THE DATA START

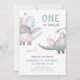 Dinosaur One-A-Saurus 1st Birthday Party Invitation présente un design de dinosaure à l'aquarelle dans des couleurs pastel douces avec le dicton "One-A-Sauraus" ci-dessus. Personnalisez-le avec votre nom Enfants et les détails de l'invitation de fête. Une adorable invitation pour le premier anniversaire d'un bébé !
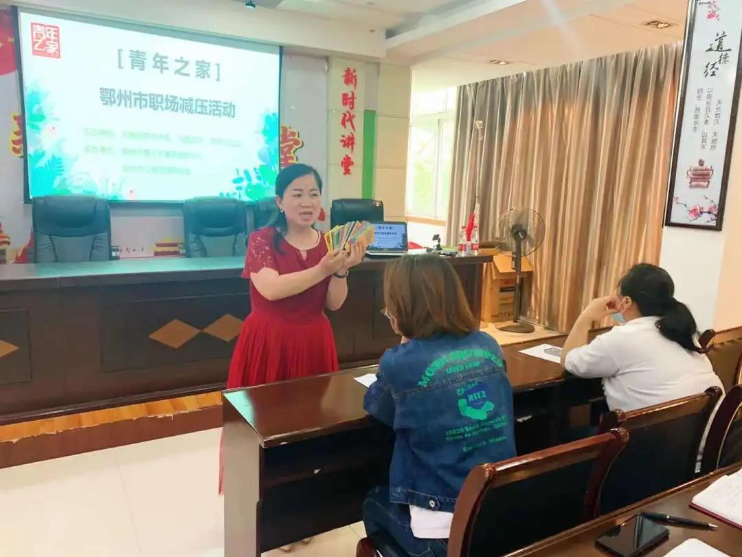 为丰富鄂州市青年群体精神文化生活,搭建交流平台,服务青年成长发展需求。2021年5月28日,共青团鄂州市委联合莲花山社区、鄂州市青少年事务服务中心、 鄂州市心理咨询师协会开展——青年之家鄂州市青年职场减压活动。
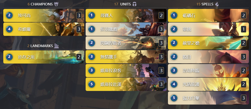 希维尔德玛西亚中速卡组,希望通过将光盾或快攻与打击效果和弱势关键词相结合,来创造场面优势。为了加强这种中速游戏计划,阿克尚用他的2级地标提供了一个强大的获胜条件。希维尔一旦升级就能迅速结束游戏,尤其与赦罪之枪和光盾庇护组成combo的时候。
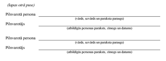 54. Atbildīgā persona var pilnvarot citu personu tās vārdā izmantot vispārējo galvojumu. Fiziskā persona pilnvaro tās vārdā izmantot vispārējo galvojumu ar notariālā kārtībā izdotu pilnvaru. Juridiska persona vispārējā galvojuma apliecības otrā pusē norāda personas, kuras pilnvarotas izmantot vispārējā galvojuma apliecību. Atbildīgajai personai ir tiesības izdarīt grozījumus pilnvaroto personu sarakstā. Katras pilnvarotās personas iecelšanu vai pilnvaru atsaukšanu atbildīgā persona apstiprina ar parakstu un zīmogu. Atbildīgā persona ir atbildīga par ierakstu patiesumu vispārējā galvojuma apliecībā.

THE DATA END

> [REQUIRED ACTION]
For this exercise, copy each line of the data above exactly, from the first through the line containing "希维尔德玛西亚中速卡组,希望", and drop the pictures.

> [ANSWER TO THIS EXERCISE]
 Dinosaur One-A-Saurus 1st Birthday Party Invitation présente un design de dinosaure à l'aquarelle dans des couleurs pastel douces avec le dicton "One-A-Sauraus" ci-dessus. Personnalisez-le avec votre nom Enfants et les détails de l'invitation de fête. Une adorable invitation pour le premier anniversaire d'un bébé !
 为丰富鄂州市青年群体精神文化生活,搭建交流平台,服务青年成长发展需求。2021年5月28日,共青团鄂州市委联合莲花山社区、鄂州市青少年事务服务中心、 鄂州市心理咨询师协会开展——青年之家鄂州市青年职场减压活动。
 希维尔德玛西亚中速卡组,希望通过将光盾或快攻与打击效果和弱势关键词相结合,来创造场面优势。为了加强这种中速游戏计划,阿克尚用他的2级地标提供了一个强大的获胜条件。希维尔一旦升级就能迅速结束游戏,尤其与赦罪之枪和光盾庇护组成combo的时候。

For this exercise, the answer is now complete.